Повести - Владимир Тендряков
Шрифт:
Интервал:
Закладка:
Семен остекленевшими глазами разглядывал распаренное лицо Доната Боровикова. Знаком с ним много лет, казалось, знал всего – и с изнанки, и снаружи – до мелочей. Не злой человек, не попрекнешь, приходи с нуждой – с порога не повернет, а на вот – по его словам, безвинного можно в крупу истолочь, чтоб других накормить. Добро строить на погибели?…
– Неужто тебе, Донат, Митягина не жаль? Одумайся, у него ж ребятишек куча.
– Мне и Гаврилу было жаль снимать с работы.
– Но ты Гаврилу не в тюрьму упек, а на другое место пристроил, вроде и не такое уж безвыгодное для Гаврилы.
– Эх, ежели б мне такая сила была дана – всех пристраивать, всех ублажать. Так нет такой силы. Не бывает! Приходится изворачиваться, а там долго ли толкнуть кого ненароком. Не для себя, для общей пользы толкаешь.
– Не по совести говоришь, Донат.
– По жизни говорю. А жизнь тебе не коврижка с медом, иной раз вжуешься – скулы сводит, а глотать нужно.
Семен широкой грудью навалился на стол, снизу заглянул в самые зрачки Доната:
– Вот мы сейчас пьем как дружки задушевные, знаю – на меня зла никакого не имеешь. Не за что… Скажи: можешь ты меня, как Митягина, для общей пользы в яму лихнуть? А?
Донат с минуту сопел в тарелку с надкушенным огурцом, затем твердо ответил:
– Ради общей пользы я себя пхну куда хочешь. А уж ежели своей башки не пожалею, то и твою навряд ли… Семен встал – зазвенела посуда на столе.

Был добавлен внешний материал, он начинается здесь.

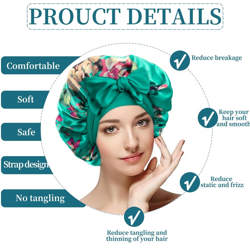 - Breathable Satin Fabric: Made of hypoallergenic satin, smooth and soft, reduces friction and split ends, and the temperature regulating fibers maintain scalp moisture balance.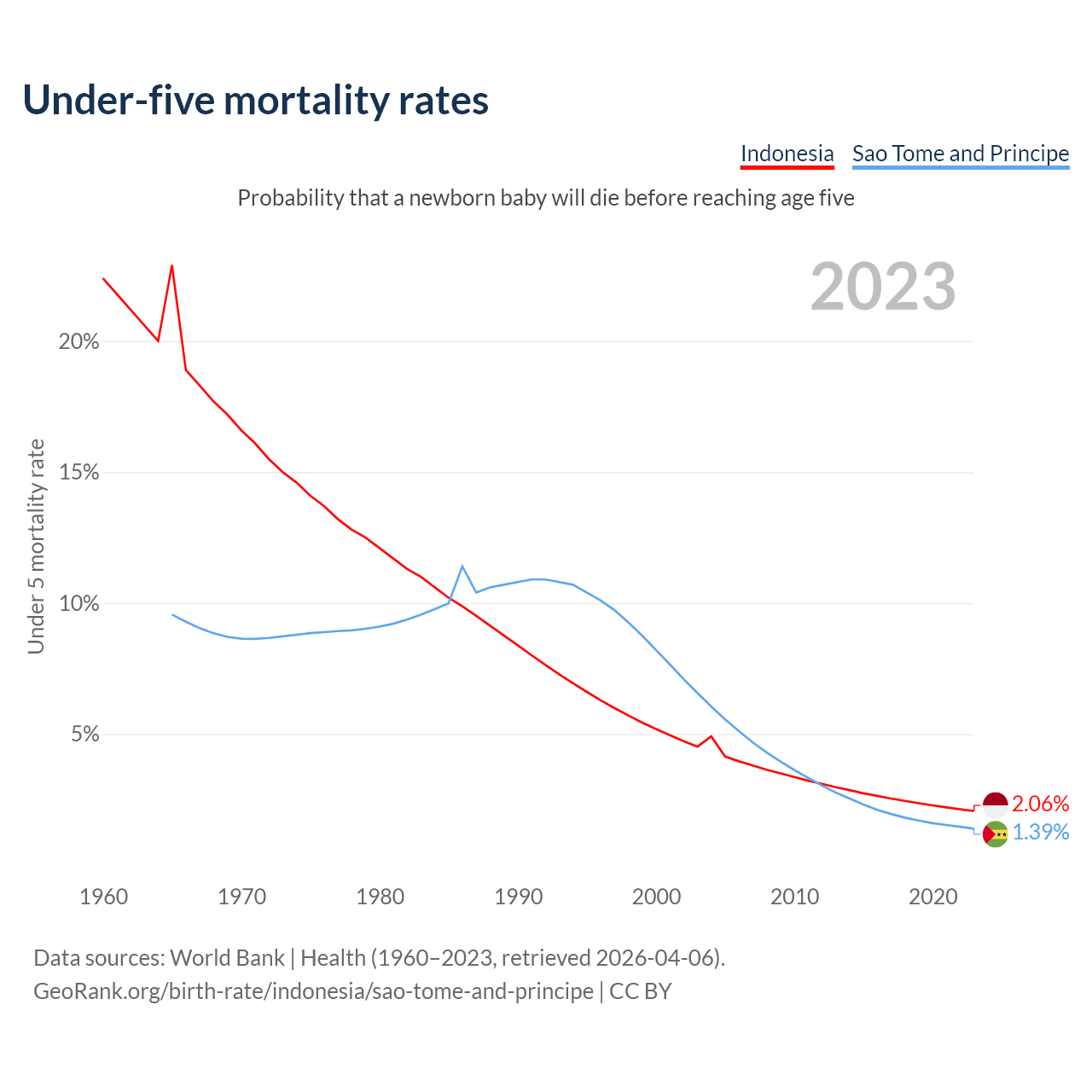 The chance that a newborn baby will die before reaching age five is 2.06% in Indonesia and 1.39% in Sao Tome and Principe. Above is a chart with historical data on under-five mortality rates.

– Себя можешь пхать, а меня спроси сперва – хочу ли?
– Ты куда это?
Семен не ответил.
20
От любых напастей Семена всегда спасал лес. Находила дурная минута, не глядя – вечер ли на дворе иль раннее утро, – брал ружье, оставлял порог дома и ударял куда-нибудь подальше – в Кошелевскую тетеринку или в Глуховскую, что стоит на самой окраине его владений. Спал то в пропахшем дымом срубе, то под осевшим стожком сена, ловил рыбу в черных озерах, бил уток, пек их по-охотничьи на костре, в угольях, обмазав перья глиной или жидкой грязью. И всегда из лесу Семен возвращался помолодевшим, каким-то чистеньким изнутри. Лес обмывал душу, лес наделял силой, всякий раз после леса завтрашний день казался приветливым. Не было лучшего друга у Семена, чем лес.
И Семен решил бежать от всего – от следователя, от Митягина, от истории с проклятой пулей, – бежать в лес.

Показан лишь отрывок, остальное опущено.